■ THE INPUT ■

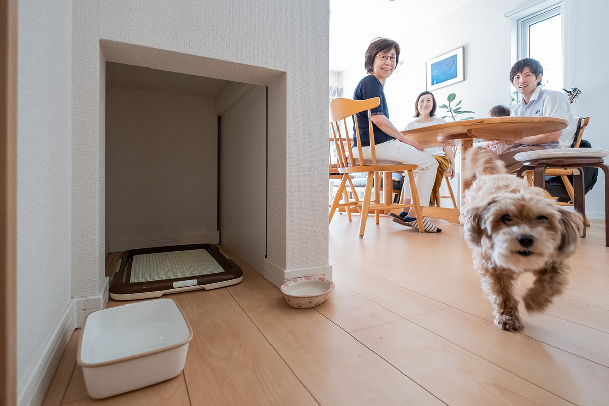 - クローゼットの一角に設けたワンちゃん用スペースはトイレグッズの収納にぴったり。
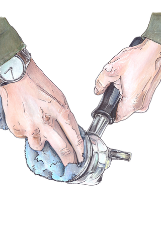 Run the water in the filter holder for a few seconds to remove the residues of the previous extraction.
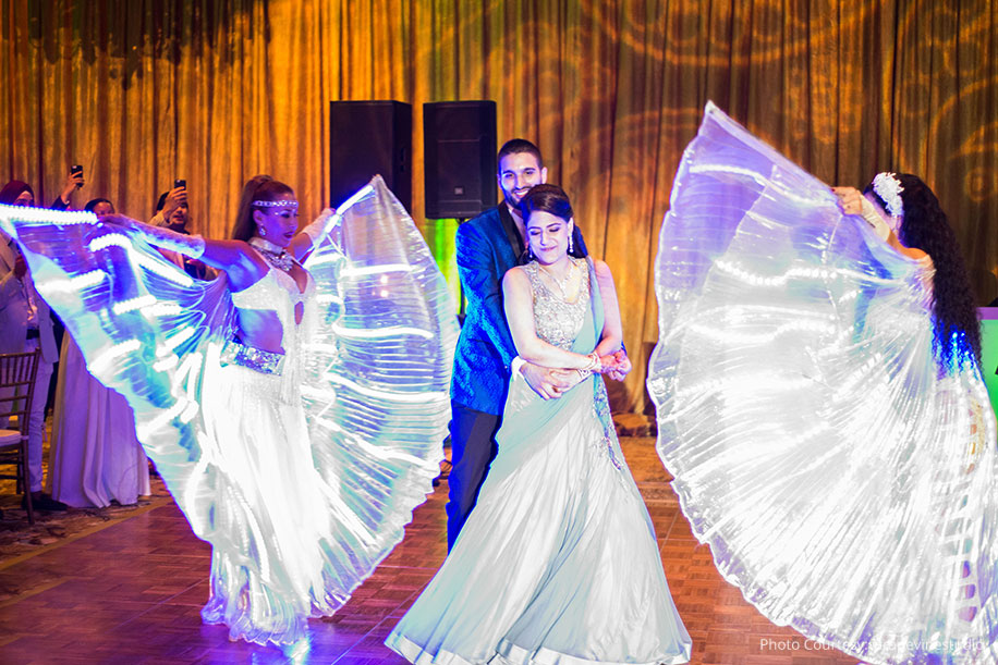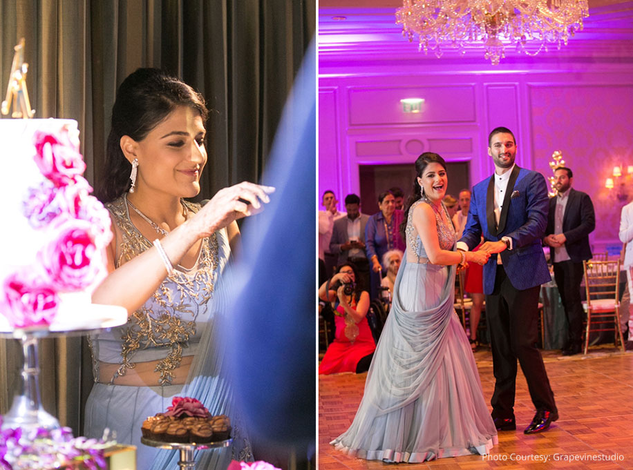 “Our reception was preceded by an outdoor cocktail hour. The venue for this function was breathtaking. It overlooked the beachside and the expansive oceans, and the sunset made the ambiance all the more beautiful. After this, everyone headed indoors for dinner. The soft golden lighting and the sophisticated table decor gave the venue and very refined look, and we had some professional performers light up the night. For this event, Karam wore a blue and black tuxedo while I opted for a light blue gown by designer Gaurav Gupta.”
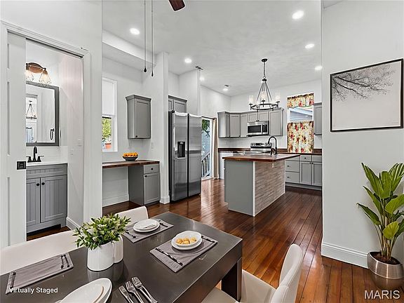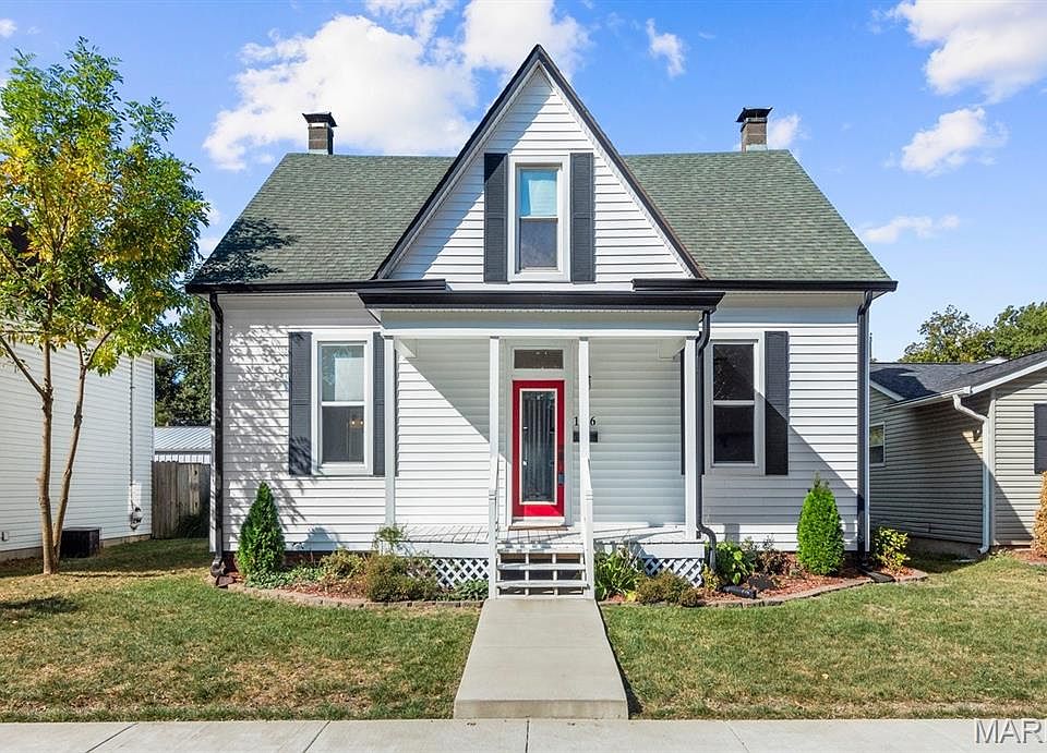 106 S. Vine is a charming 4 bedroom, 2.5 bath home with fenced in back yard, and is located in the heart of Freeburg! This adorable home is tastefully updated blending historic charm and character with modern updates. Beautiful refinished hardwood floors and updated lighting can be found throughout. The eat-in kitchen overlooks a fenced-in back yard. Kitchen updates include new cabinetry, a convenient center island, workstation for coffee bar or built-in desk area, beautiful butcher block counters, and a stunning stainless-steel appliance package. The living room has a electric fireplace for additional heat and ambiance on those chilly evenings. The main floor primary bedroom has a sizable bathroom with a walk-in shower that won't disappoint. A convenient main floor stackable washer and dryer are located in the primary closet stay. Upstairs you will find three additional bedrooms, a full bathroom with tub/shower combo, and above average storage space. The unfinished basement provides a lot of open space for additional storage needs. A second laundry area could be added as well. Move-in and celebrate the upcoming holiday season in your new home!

---

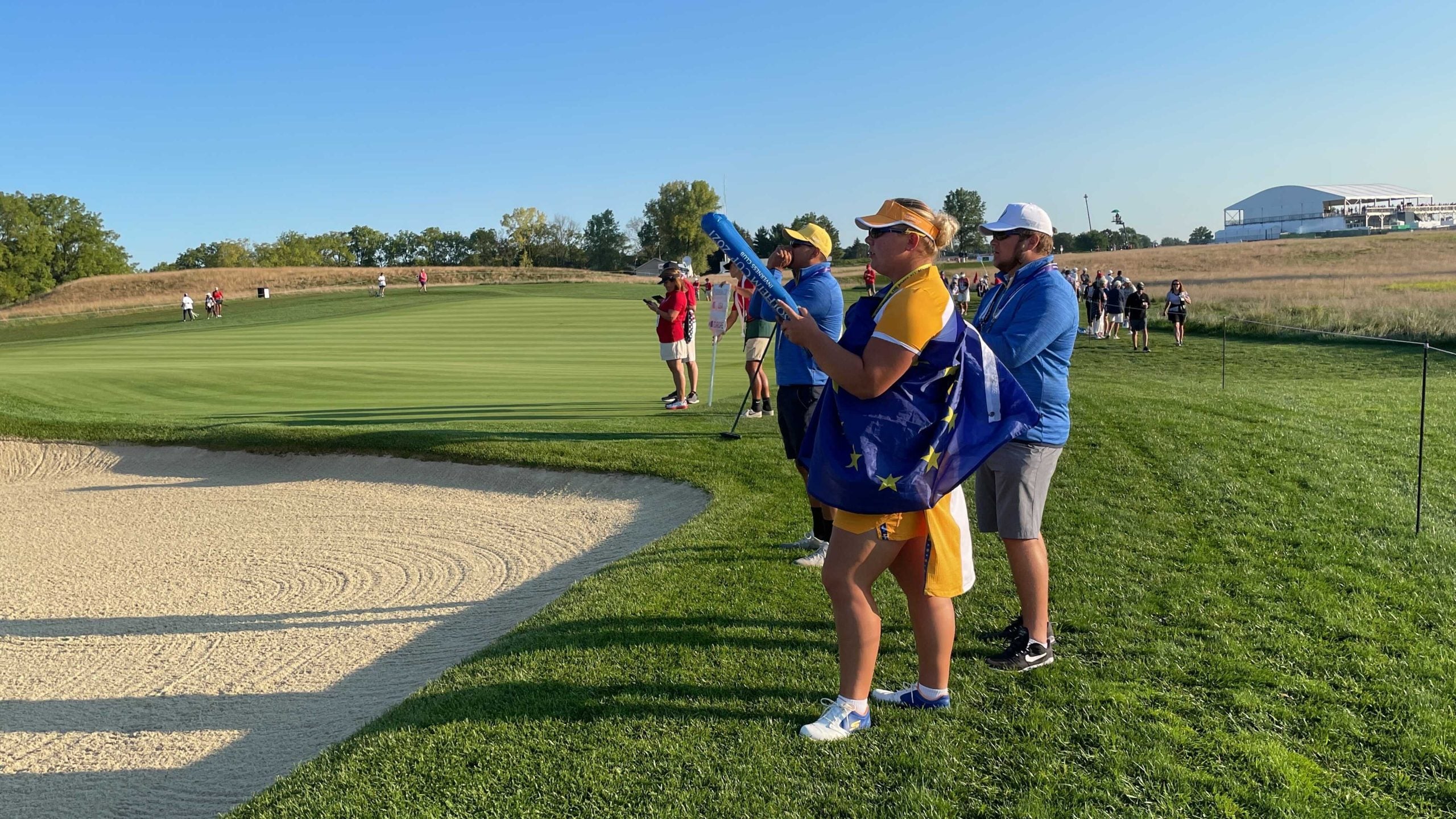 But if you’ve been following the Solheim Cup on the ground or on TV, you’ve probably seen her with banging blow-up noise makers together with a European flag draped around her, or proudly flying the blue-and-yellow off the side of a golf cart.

■ THE TASK ■
Everything from the line with "Run the water" through the line with "reception was preceded" in the material above should be transcribed exactly, except the pictures.

■ RESULT OF THE EXERCISE ■
 Run the water in the filter holder for a few seconds to remove the residues of the previous extraction.
 “Our reception was preceded by an outdoor cocktail hour. The venue for this function was breathtaking. It overlooked the beachside and the expansive oceans, and the sunset made the ambiance all the more beautiful. After this, everyone headed indoors for dinner. The soft golden lighting and the sophisticated table decor gave the venue and very refined look, and we had some professional performers light up the night. For this event, Karam wore a blue and black tuxedo while I opted for a light blue gown by designer Gaurav Gupta.”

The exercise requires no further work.